Peroxinitrite and Malondialdehyde as Biomarkers for Overactive Bladder

By Suleyman Sagir1, Omer Bayrak2, Omer Turgut3, Sule Allahverdi4, Hasan Ulusal5

Affiliations

  1. Department of Urology, Islahiye state Hospital, Gaziantep, Turkey
  2. Department of Urology, University of Gaziantep, Gaziantep, Turkey
  3. Department of Urology, Besni state Hospital, Adıyaman, Turkey
  4. Kayapınar District Health Directory, Kayapinar/Diyarbakır, Turkey
  5. Department of Biochemistry, University of Gaziantep, Gaziantep, Turkey
doi: 10.29271/jcpsp.2022.12.1586

ABSTRACT
Objective: To measure urine malondialdehyde (MDA) and urine peroxynitrite (ONOO) levels in patients with overactive bladder (OAB), and compare them with healthy individuals; to determine the change of those markers in OAB patients prescribed antimuscarinic drugs.
Study Design: An observational study.
Place and Duration of Study: The Department of Urology, School of Medicine, University of Gaziantep, Gaziantep, Turkey, between August 2021 and February 2022.
Methodology: Patients diagnosed with OAB (Group 1), and healthy controls (Group 2) were compared.
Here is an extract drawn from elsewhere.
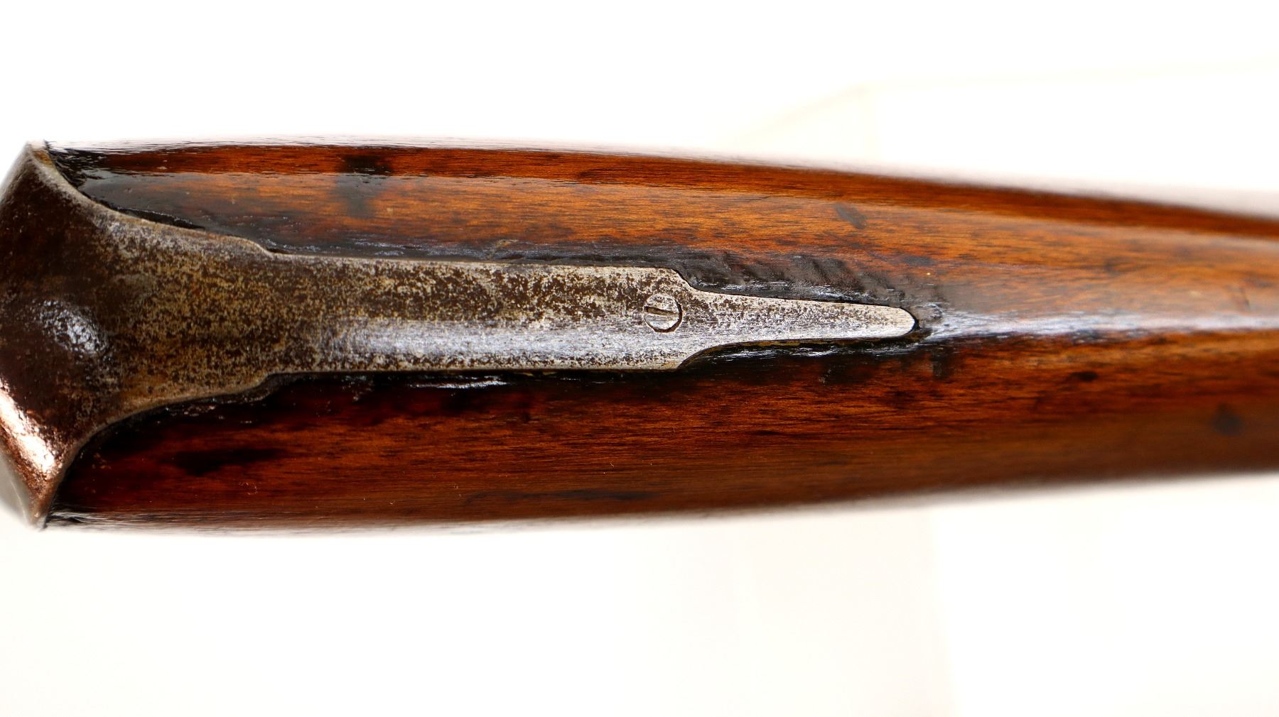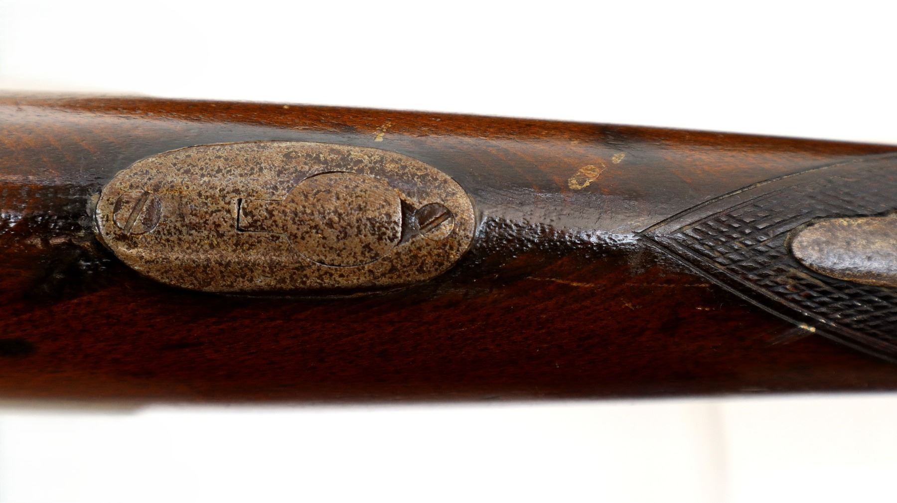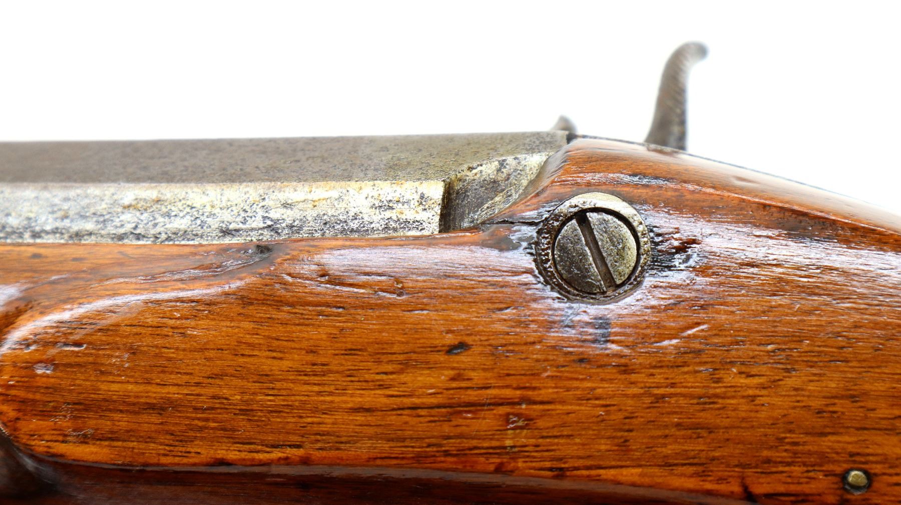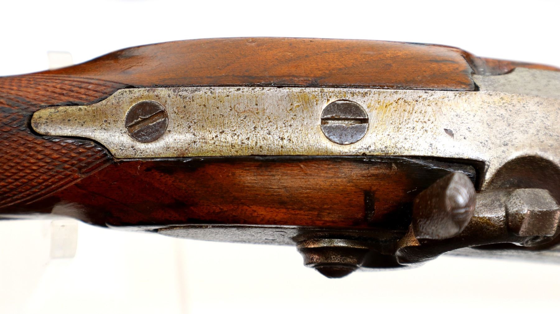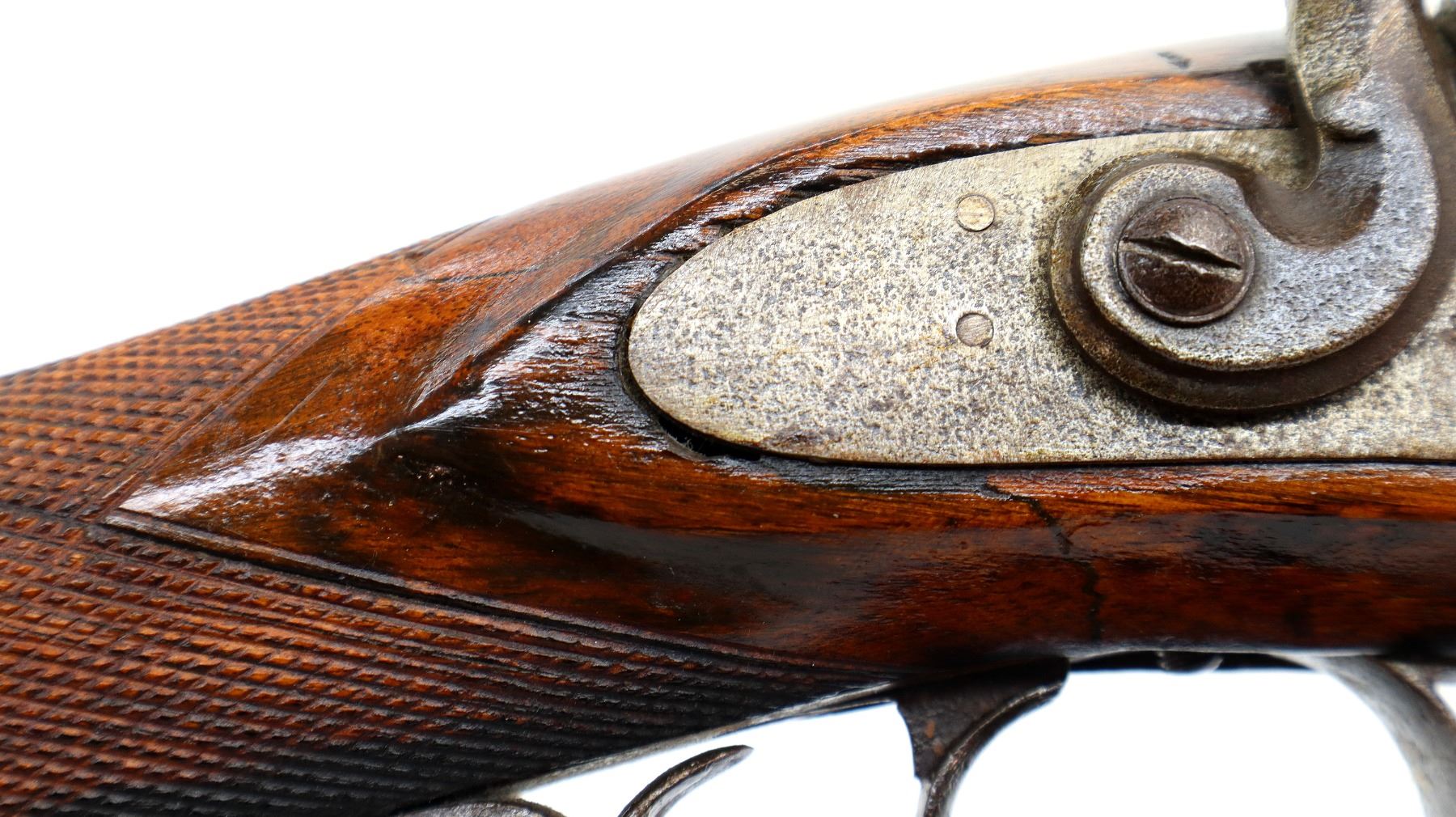 Wear: Metal finish turning silver grey with pitting, light rust speckles, scratches, handling marks and wear. Stock shows marks, scratches and wear.

Urinary MDA (µmol/L) and ONOO (µmol/L) levels were measured in all participants. The patients diagnosed with OAB were underwent antimuscarinic therapy with propiverine 30 mg. The levels of MDA (µmol/L) and ONOO (µmol/L) were reanalysed during the third month of antimuscarinic therapy. Patients with stress urinary incontinence, neurogenic bladder, pelvic organ prolapse stage ≥3 (POP–Q ≥3), interstitial cystitis (bladder pain syndrome), history of pelvic radiotherapy, symptoms of bladder outlet obstruction, Qmax <10 ml/sec for men and <15 ml/sec for women measured by uroflowmetry, and history of pelvic and incontinence surgery were excluded from the study.
Results: There was no difference in the mean age and or gender distribution of the two groups (p=0.166 and p=0.774, respectively). While the mean MDA levels were significantly higher in patients with OAB, (3.34 ± 1.06µmol/L vs. 2.62 ± 1.45µmol/L, p=0.036), no significant change was detected in ONOO levels between the groups (1.03 ± 0.75 µmol/L vs. 0.71 ± 022 µmol/L, p >0.05). Although no significant change was detected in MDA levels after antimuscarinic therapy (3.50 ± 1.19 µmol/L, p=0.529), there was a statistically significant increase in ONOO levels (1.49 ± 1.45 µmol/L, p=0.013).
Conclusion: MDA might be used in the diagnosis of OAB, as a biomarker, similar to recent studies. ONOO was evaluated for the first time in the literature for the diagnosis of OAB, unfortunately, no significant outcomes were obtained. In addition, both MDA and ONOO had no role in monitoring antimuscarinic therapy.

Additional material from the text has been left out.